- **DATA EXCERPT**:
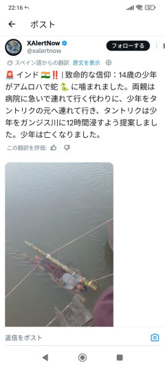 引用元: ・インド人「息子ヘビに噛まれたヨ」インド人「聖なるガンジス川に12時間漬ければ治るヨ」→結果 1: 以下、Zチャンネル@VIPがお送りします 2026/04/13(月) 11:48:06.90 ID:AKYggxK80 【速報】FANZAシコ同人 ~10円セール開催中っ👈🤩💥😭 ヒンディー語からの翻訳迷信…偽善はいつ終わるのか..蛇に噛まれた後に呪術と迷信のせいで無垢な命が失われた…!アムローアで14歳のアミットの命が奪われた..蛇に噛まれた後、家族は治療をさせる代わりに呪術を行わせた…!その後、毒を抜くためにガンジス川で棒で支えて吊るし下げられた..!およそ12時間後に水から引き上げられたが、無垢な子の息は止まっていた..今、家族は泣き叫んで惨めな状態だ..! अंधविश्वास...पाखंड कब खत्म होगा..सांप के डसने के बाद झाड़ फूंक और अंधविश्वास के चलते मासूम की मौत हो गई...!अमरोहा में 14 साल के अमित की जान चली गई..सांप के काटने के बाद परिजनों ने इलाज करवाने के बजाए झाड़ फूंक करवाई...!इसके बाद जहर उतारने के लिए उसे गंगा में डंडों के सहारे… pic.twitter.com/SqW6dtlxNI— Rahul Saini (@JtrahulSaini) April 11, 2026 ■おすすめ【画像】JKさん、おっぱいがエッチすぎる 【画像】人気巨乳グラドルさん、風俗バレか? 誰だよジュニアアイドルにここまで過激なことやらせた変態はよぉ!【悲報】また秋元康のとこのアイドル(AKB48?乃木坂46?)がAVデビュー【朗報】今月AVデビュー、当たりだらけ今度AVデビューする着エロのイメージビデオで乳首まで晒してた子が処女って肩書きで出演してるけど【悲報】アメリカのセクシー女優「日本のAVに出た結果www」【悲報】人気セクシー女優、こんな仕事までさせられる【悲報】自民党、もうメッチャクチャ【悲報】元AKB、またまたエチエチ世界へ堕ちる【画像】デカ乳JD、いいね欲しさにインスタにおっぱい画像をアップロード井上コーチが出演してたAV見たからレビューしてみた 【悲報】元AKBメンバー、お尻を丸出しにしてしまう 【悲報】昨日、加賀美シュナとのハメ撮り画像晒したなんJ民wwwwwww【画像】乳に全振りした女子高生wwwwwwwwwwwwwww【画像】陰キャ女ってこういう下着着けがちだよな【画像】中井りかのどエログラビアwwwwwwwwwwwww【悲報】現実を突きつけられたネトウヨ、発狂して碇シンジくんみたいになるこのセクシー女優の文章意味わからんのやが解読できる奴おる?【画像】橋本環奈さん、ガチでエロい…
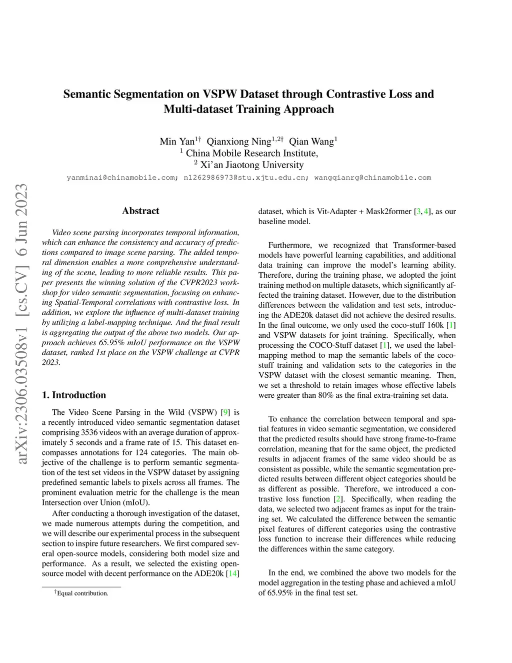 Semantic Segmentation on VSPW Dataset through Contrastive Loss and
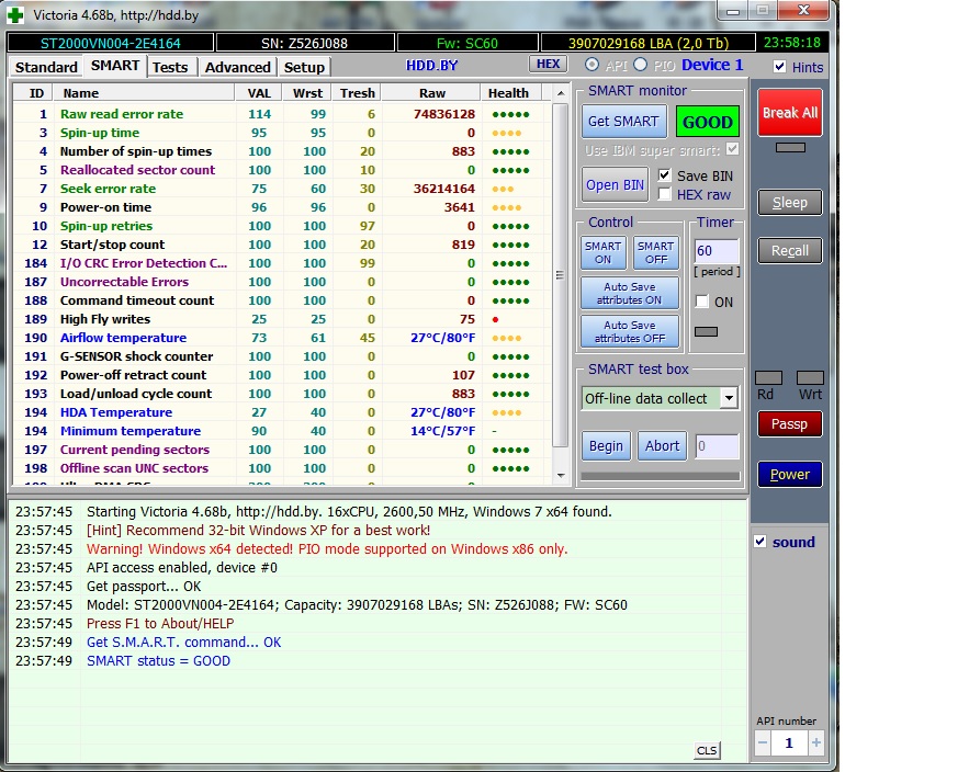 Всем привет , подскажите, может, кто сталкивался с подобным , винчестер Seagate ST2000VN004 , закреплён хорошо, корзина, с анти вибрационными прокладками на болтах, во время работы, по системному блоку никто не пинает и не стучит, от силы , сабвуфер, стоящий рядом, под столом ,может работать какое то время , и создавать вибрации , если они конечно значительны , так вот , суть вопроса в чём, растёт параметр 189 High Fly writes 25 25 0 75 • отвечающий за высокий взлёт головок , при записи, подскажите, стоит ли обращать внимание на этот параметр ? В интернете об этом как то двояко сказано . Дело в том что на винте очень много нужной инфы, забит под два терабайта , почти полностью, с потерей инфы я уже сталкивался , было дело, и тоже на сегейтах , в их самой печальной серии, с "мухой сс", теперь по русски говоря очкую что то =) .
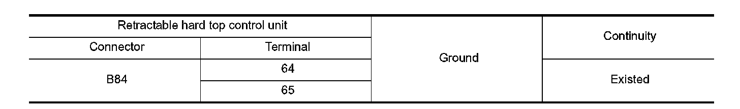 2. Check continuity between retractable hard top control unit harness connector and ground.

- **THE TASK**: Word for word, restate only the lines from the one bearing "Semantic Segmentation on" through the final line of the listing, inclusive, with no pictures.

- **RESPONSE AREA**:
 Semantic Segmentation on VSPW Dataset through Contrastive Loss and
 Всем привет , подскажите, может, кто сталкивался с подобным , винчестер Seagate ST2000VN004 , закреплён хорошо, корзина, с анти вибрационными прокладками на болтах, во время работы, по системному блоку никто не пинает и не стучит, от силы , сабвуфер, стоящий рядом, под столом ,может работать какое то время , и создавать вибрации , если они конечно значительны , так вот , суть вопроса в чём, растёт параметр 189 High Fly writes 25 25 0 75 • отвечающий за высокий взлёт головок , при записи, подскажите, стоит ли обращать внимание на этот параметр ? В интернете об этом как то двояко сказано . Дело в том что на винте очень много нужной инфы, забит под два терабайта , почти полностью, с потерей инфы я уже сталкивался , было дело, и тоже на сегейтах , в их самой печальной серии, с "мухой сс", теперь по русски говоря очкую что то =) .
 2. Check continuity between retractable hard top control unit harness connector and ground.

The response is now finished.